Audio watermarks can also serve to trace a specific chain of distribution. For instance, a content distributor may chose to serialize copies of the same content in order to identify the source (i.e. the distributor) and/or the recipient of a specific copy through a transaction identifier as Watermark Data. While such a watermark may not actively prevent the recipient from making pirated copies, it will serve as a great forensic tool that can trace all subsequent pirated copies back to the original recipient. Such transactional Watermark Data will serve as a piracy deterrent.

There is no incentive for all content distributors to agree on a unique structure for these watermarks. In fact, many distributors may wish to retain complete control over this watermarking stage, which will take place within their distribution scheme. Private Watermark Layers are especially well suited for this kind of application.


When the deterring power of a forensic tool is not sufficient, audio watermarking can also serve within more active security solutions.

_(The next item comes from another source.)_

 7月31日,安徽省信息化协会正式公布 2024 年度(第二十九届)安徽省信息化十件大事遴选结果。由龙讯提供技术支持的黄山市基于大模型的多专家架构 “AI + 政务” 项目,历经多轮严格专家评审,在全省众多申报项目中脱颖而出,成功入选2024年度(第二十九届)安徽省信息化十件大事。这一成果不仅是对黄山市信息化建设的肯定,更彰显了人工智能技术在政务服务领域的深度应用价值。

The idea is simply to use the watermarks' persistent data channel as a means to transmit usage rules to compliant components and devices. These compliant components may include players, recorders and any other tool that is designed to manage or manipulate audio content.

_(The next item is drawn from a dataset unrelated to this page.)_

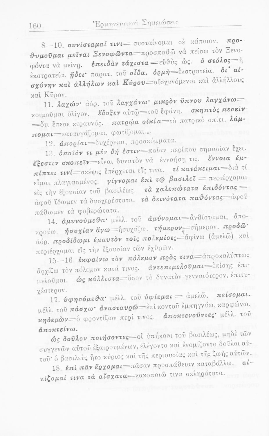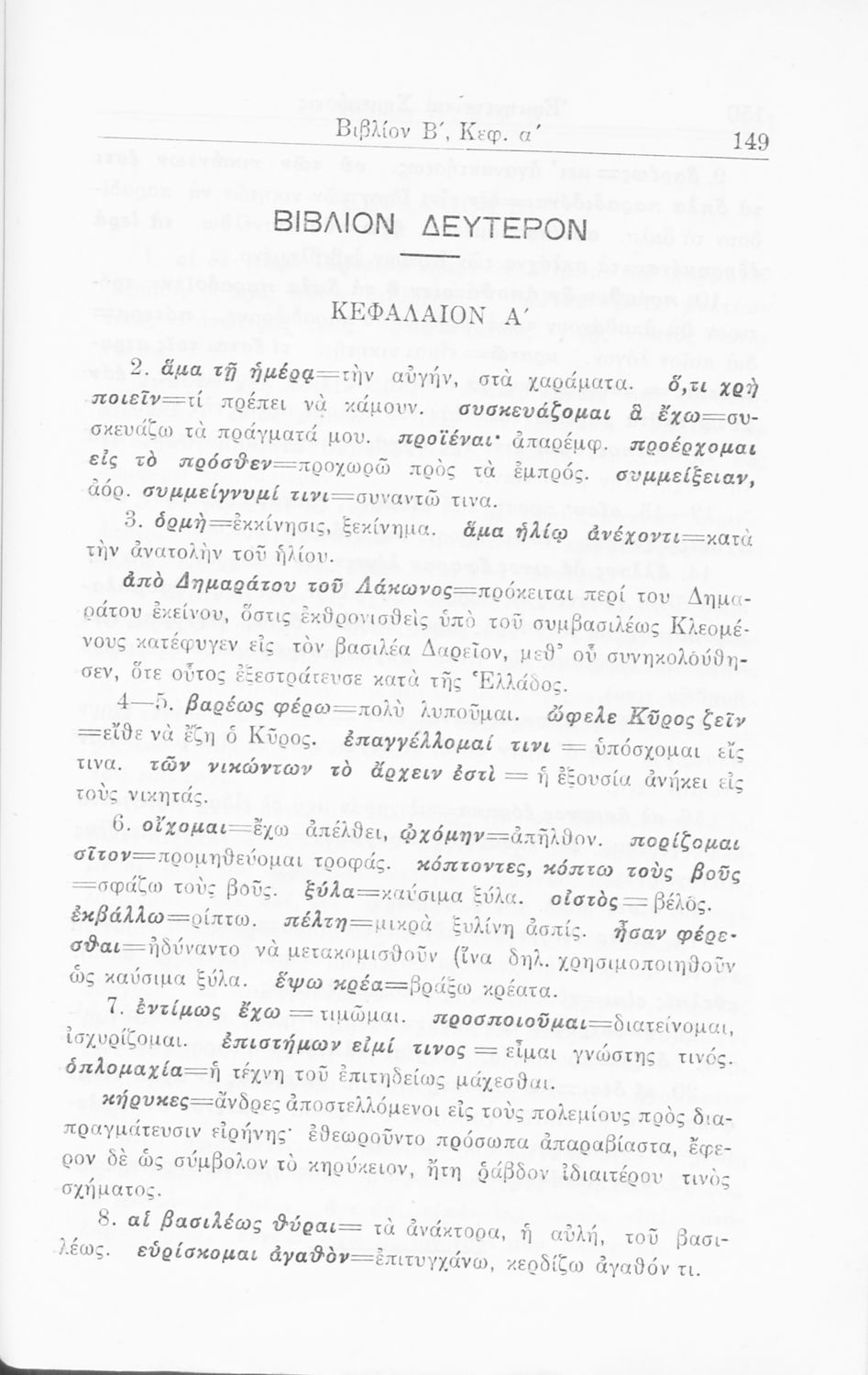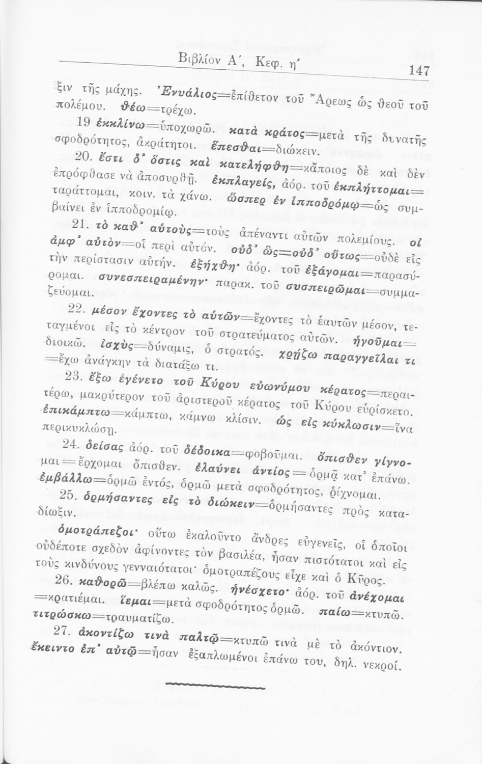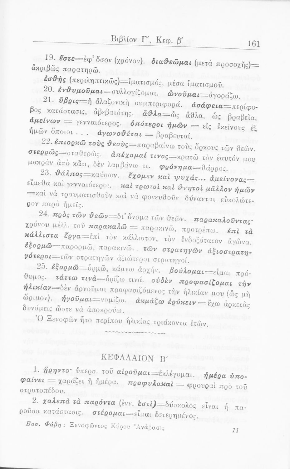 Σχολικό εγχειρίδιο Α΄ και Β΄ Γυμνασίου για το μάθημα των Αρχαίων. Περιλαμβάνει κείμενα κατ΄ επιλογή από το έργο του Ξενοφώντα Κύρου Ανάβαση από το πρωτότυπο. Περιέχει πραγματολογικά σχόλια και λεξιλογικές παρατηρήσεις του συγγραφέα. Εγκρίθηκε για μια δεκαετία από το σχολικό έτος 1931-1932.

Usage Control Watermarks should be extracted by a potentially large number of compliant components. As a result, the Layers that carry them cannot be private. The embedding of such watermarks can take place at various stages within the chain of distribution. The appropriate time and circumstances for this embedding stage will be functions of the policies that are enforced within the embedded usage rules.


Finally, the three previous types of watermarks do not bind the extent of audio watermarking applications. Many other remain, ranging from consumer awareness and marketing to toy applications and ratings.


Audio watermarking is a persistent data channel within audio content. It should survive through various format changes and manipulations (either legitimate or not) of the audio material, as long as the content retains some commercial potential. Additionally, it should do so without introducing any perceivable audio artifacts.

Its naturally limited data rate suggests that this communication channel should be used in conjunction with carefully designed Watermark Data. This data is preferably small, as shorter watermarks will be repeated more frequently throughout the content.

The purpose of a watermarking stage will typically dictate the nature of this Watermark Data while the appropriate Watermark Layer will typically take into account the environment of the application and its associated threats.